* Task description: If a line comes after the one containing "sharp teeth, stands", leave it out; copy every line before it, and that line too, exactly as written, starting from the first line of the entries.
**** Stored data
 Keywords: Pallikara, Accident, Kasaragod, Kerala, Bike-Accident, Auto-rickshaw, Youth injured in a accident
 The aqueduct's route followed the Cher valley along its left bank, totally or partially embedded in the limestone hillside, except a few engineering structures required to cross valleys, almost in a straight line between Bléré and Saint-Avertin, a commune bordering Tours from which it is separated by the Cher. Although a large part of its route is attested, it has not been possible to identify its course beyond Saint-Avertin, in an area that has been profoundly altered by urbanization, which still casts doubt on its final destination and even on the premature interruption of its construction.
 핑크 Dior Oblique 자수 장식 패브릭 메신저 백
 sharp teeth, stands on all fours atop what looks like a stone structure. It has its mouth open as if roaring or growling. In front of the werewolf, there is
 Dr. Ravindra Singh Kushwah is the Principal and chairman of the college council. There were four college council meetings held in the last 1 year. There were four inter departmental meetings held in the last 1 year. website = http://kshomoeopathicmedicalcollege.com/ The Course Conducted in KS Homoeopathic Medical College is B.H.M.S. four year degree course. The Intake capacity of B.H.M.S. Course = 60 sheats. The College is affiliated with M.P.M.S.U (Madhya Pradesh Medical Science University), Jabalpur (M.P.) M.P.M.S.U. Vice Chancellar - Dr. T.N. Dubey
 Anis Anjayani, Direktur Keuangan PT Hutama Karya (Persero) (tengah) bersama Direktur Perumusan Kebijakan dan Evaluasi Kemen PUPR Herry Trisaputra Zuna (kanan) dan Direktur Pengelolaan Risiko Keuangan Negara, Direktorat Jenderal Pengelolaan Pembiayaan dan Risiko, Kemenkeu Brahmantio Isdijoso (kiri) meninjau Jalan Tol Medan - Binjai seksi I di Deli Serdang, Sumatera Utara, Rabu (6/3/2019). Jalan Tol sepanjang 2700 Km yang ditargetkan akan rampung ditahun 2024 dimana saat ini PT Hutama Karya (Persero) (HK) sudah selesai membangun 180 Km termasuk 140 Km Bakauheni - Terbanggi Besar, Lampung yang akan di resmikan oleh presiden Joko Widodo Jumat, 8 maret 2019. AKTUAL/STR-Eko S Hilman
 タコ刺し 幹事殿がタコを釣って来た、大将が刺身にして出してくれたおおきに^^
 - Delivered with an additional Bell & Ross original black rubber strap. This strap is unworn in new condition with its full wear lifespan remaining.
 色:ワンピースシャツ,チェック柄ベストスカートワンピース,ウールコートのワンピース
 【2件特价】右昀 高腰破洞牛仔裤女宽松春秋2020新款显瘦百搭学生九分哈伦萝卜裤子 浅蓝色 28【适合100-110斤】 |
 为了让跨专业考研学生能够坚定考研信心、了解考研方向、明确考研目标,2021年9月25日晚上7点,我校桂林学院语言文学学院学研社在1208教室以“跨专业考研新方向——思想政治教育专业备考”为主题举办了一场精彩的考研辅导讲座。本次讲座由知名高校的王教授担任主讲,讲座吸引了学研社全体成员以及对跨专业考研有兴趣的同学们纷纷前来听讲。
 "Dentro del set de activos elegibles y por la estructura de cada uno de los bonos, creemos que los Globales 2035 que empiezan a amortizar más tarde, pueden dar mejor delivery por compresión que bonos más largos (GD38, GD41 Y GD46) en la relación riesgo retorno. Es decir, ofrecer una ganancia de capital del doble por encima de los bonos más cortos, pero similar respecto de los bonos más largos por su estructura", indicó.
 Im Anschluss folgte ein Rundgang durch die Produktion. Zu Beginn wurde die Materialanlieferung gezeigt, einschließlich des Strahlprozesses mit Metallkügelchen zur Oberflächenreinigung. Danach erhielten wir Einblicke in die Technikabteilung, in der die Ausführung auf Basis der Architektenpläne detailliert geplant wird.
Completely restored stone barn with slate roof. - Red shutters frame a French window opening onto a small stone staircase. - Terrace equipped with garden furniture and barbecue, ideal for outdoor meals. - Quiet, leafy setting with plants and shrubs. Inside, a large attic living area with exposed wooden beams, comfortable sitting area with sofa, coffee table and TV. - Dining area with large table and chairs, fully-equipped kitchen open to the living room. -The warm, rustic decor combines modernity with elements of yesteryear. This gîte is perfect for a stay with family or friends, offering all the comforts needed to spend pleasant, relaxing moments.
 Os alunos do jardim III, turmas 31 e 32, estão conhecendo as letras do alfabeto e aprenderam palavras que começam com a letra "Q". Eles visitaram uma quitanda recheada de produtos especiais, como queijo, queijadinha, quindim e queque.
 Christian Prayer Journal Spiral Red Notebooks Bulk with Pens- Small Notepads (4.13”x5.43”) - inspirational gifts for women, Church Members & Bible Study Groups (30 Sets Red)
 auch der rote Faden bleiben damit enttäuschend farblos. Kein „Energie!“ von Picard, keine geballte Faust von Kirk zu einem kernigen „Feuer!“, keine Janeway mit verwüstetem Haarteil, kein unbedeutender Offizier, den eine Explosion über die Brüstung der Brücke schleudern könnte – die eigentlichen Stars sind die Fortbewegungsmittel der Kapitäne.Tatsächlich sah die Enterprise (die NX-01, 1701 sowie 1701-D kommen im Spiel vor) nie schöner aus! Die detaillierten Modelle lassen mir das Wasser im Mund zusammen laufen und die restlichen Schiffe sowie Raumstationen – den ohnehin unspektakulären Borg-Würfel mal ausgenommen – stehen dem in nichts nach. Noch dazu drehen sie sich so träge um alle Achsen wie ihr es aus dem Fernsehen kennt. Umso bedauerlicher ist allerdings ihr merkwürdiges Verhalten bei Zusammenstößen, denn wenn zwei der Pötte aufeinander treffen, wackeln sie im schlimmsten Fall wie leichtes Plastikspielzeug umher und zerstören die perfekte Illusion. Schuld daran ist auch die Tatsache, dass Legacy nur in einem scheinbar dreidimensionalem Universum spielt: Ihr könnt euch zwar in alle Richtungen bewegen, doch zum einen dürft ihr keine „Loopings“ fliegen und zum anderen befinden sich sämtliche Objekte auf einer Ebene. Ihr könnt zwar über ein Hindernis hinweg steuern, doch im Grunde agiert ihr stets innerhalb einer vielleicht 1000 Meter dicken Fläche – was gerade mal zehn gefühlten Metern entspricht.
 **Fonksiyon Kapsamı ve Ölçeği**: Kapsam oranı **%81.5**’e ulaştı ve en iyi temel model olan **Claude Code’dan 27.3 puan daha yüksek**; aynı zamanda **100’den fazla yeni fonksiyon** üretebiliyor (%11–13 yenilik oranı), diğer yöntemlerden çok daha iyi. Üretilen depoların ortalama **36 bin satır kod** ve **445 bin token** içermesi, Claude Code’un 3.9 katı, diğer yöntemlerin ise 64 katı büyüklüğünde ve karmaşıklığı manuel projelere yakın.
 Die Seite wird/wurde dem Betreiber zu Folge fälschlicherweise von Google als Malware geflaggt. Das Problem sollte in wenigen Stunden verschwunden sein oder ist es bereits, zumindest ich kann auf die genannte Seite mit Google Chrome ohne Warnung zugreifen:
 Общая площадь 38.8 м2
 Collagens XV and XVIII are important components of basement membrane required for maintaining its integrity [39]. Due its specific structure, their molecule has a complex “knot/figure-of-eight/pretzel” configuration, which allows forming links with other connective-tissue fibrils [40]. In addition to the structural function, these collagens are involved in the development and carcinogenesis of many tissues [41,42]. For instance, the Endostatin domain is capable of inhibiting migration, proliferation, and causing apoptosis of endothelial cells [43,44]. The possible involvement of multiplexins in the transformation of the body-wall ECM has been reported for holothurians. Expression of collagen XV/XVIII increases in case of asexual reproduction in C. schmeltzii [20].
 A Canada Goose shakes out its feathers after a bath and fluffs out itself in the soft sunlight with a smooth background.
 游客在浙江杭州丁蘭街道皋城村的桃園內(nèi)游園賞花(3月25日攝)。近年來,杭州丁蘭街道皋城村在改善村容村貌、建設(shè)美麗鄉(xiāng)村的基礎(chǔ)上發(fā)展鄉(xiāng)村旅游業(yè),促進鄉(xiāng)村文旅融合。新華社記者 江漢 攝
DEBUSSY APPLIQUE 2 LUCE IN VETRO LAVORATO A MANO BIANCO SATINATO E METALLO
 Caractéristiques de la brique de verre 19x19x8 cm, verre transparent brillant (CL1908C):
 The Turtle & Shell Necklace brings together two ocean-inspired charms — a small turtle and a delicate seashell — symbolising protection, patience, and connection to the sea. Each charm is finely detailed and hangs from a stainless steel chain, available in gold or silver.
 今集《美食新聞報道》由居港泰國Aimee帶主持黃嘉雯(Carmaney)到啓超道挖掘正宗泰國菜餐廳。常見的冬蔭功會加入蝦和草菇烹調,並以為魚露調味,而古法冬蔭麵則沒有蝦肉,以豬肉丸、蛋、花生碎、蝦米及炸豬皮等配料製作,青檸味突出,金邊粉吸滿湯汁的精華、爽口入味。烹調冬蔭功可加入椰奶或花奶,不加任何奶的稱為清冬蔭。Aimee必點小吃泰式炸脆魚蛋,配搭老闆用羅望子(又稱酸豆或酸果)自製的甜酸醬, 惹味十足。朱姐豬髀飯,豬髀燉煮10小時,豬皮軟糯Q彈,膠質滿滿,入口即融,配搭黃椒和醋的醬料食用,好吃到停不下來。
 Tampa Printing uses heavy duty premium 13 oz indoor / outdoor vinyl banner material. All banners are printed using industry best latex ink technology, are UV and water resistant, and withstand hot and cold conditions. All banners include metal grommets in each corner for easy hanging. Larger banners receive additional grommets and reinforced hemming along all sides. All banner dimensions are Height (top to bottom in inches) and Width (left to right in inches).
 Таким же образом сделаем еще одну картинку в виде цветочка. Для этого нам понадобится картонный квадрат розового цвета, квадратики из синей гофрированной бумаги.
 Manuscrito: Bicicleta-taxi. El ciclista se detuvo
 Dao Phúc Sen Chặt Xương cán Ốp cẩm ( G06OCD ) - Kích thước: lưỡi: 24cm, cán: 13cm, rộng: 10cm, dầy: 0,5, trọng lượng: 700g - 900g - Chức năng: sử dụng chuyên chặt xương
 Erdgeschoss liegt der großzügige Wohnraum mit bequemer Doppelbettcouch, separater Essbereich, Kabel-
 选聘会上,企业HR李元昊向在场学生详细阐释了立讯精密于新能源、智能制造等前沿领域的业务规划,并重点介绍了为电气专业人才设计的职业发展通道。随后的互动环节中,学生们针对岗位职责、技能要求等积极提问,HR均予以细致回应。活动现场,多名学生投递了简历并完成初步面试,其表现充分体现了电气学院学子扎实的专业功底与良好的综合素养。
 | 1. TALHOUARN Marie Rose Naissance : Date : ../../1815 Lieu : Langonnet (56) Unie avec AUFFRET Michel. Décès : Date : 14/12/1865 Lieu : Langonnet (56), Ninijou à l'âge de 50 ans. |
********
* Problem solution:
 Keywords: Pallikara, Accident, Kasaragod, Kerala, Bike-Accident, Auto-rickshaw, Youth injured in a accident
 The aqueduct's route followed the Cher valley along its left bank, totally or partially embedded in the limestone hillside, except a few engineering structures required to cross valleys, almost in a straight line between Bléré and Saint-Avertin, a commune bordering Tours from which it is separated by the Cher. Although a large part of its route is attested, it has not been possible to identify its course beyond Saint-Avertin, in an area that has been profoundly altered by urbanization, which still casts doubt on its final destination and even on the premature interruption of its construction.
 핑크 Dior Oblique 자수 장식 패브릭 메신저 백
 sharp teeth, stands on all fours atop what looks like a stone structure. It has its mouth open as if roaring or growling. In front of the werewolf, there is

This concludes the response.